Context
BrightDesk sells an AI support assistant for B2B SaaS teams. A customer reports that the assistant is "not giving the expected results" on their help-center and policy documents, but the complaint is vague: some answers are wrong, some are incomplete, and some seem slow.
Constraints
- p95 latency must stay under 2,500ms
- Cost ceiling: $0.03 per request and $25K/month at current traffic
- Hallucination rate must be below 2% on customer-visible answers
- Prompt injection success rate must be below 0.5%
- The customer requires citations for factual answers and no leakage across tenants
Available Resources
- 120K customer documents across help articles, PDFs, release notes, and internal policy pages
- Existing RAG stack: chunking, embeddings, hybrid search, reranker, and a GPT-4/Claude-class generation model
- 5K production traces with query, retrieved chunks, model output, latency, cost, and user feedback
- Support tickets tagged as "bad answer," "missing context," or "slow"
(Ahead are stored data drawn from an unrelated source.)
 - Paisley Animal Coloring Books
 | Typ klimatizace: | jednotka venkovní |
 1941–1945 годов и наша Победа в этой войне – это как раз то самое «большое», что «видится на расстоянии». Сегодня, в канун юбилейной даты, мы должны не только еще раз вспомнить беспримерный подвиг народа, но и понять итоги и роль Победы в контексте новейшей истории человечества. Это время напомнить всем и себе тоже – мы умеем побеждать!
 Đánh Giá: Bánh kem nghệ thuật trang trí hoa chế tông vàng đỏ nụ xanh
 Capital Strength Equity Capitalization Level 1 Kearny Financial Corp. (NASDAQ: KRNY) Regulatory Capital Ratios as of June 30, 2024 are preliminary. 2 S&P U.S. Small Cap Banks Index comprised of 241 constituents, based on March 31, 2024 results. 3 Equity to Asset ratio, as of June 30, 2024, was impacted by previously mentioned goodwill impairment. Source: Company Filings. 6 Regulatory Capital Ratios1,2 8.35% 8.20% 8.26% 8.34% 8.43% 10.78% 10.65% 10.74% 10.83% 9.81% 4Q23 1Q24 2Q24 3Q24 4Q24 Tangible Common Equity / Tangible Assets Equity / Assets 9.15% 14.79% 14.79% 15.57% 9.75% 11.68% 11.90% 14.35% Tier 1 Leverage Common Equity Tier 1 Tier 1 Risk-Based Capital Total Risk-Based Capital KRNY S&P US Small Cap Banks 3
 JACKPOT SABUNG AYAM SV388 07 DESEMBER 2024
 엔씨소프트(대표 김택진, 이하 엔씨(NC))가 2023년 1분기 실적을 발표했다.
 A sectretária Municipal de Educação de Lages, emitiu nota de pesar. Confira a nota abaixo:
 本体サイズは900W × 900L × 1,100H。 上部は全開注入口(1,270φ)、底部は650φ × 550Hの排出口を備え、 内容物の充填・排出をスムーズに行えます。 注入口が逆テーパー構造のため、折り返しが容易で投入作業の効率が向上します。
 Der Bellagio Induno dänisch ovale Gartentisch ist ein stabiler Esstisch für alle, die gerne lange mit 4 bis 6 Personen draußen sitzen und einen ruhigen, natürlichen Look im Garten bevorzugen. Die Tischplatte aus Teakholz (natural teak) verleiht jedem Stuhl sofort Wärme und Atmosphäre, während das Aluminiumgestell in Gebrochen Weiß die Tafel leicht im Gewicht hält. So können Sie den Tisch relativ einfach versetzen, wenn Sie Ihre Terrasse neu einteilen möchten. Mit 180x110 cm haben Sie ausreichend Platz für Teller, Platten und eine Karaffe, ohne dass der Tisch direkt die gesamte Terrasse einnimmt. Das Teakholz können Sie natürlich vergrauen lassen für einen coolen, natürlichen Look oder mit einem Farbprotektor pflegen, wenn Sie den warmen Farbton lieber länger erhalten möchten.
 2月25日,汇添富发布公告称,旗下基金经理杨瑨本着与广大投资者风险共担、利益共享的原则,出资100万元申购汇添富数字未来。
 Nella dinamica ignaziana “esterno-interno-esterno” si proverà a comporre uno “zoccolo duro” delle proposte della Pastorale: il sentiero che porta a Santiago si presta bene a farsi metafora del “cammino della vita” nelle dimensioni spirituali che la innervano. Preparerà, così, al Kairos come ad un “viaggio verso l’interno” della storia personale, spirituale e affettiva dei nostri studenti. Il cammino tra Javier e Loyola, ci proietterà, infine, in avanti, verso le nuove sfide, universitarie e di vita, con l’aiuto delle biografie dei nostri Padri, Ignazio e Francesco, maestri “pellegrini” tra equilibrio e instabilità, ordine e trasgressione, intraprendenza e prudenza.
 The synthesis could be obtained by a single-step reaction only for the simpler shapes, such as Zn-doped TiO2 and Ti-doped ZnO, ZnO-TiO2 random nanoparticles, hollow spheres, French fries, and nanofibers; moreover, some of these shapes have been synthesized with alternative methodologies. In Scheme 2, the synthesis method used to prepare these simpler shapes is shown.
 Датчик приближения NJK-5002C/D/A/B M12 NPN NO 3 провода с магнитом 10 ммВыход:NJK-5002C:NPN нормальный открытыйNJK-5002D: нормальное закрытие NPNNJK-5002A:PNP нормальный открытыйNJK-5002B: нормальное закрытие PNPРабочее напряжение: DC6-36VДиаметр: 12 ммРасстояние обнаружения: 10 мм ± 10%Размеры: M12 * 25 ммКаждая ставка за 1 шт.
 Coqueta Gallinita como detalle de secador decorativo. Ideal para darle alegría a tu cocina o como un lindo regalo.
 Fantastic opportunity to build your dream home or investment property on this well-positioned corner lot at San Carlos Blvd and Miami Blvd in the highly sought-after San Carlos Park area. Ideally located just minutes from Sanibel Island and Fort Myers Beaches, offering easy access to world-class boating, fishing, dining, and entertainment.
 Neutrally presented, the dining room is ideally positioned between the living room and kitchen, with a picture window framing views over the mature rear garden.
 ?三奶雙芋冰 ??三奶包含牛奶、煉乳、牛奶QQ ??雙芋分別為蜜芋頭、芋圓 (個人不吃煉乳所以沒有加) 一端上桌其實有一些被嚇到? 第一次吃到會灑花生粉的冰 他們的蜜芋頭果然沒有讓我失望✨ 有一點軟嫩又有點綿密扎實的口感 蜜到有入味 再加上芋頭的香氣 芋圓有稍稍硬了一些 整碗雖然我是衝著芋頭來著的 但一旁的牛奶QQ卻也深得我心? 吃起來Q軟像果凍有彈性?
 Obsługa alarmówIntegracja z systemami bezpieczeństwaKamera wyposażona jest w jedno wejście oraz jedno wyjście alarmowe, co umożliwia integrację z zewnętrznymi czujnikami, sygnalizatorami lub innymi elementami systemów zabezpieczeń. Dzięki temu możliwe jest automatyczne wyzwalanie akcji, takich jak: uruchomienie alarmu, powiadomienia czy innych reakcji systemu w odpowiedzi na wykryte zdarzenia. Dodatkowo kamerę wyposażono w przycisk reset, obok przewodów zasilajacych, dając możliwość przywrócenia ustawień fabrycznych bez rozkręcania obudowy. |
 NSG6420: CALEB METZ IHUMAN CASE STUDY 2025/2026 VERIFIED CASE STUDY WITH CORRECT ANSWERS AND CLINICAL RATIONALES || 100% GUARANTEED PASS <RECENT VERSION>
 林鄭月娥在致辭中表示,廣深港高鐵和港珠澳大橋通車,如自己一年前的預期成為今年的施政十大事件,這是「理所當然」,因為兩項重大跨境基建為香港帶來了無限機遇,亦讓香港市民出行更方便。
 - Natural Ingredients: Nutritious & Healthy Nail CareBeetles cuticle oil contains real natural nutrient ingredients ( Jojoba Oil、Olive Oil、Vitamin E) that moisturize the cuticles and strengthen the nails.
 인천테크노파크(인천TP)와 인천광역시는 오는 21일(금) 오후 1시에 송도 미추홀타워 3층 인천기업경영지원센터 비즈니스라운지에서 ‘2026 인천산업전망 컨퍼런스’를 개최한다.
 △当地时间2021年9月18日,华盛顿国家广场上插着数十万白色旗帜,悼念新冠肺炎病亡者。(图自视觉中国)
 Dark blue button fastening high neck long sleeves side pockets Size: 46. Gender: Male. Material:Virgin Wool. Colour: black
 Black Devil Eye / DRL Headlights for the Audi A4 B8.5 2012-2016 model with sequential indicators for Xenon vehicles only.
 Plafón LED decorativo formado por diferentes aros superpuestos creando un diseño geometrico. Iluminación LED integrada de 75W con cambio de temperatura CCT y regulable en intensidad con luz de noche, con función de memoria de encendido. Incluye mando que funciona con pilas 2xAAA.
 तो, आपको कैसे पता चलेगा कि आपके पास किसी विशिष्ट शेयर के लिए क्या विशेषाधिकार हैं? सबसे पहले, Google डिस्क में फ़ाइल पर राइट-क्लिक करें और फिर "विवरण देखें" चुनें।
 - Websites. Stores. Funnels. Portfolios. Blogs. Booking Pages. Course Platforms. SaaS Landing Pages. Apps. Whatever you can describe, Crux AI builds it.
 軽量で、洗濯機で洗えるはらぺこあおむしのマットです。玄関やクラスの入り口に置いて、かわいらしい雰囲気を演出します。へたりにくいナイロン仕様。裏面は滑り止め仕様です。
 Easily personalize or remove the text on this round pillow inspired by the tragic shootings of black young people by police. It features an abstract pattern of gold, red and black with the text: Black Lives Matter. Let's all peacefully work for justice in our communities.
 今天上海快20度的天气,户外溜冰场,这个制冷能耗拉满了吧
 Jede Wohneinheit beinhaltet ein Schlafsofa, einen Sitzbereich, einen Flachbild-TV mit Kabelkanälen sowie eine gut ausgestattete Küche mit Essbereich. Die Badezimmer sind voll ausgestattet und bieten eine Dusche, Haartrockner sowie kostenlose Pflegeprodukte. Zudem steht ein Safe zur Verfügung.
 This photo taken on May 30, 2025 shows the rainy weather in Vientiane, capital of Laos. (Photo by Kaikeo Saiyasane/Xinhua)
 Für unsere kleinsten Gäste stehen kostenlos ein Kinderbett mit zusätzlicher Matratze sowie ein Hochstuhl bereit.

- Ability to run offline evals and limited online A/B tests
Task
- Propose a step-by-step investigation plan to determine whether the issue is caused by retrieval quality, prompt design, model behavior, document quality, safety failures, or latency/cost tradeoffs.
- Define the offline and online evaluation framework you would use before changing the architecture, including golden sets, segmentation, hallucination measurement, and prompt-injection testing.
- Design the target RAG architecture and prompt changes you would recommend if the root cause is confirmed, including citation behavior and refusal rules.
- Explain how you would quantify and prioritize fixes under the stated latency and cost ceilings.
- Identify the main failure modes you would monitor in production and how you would mitigate them safely.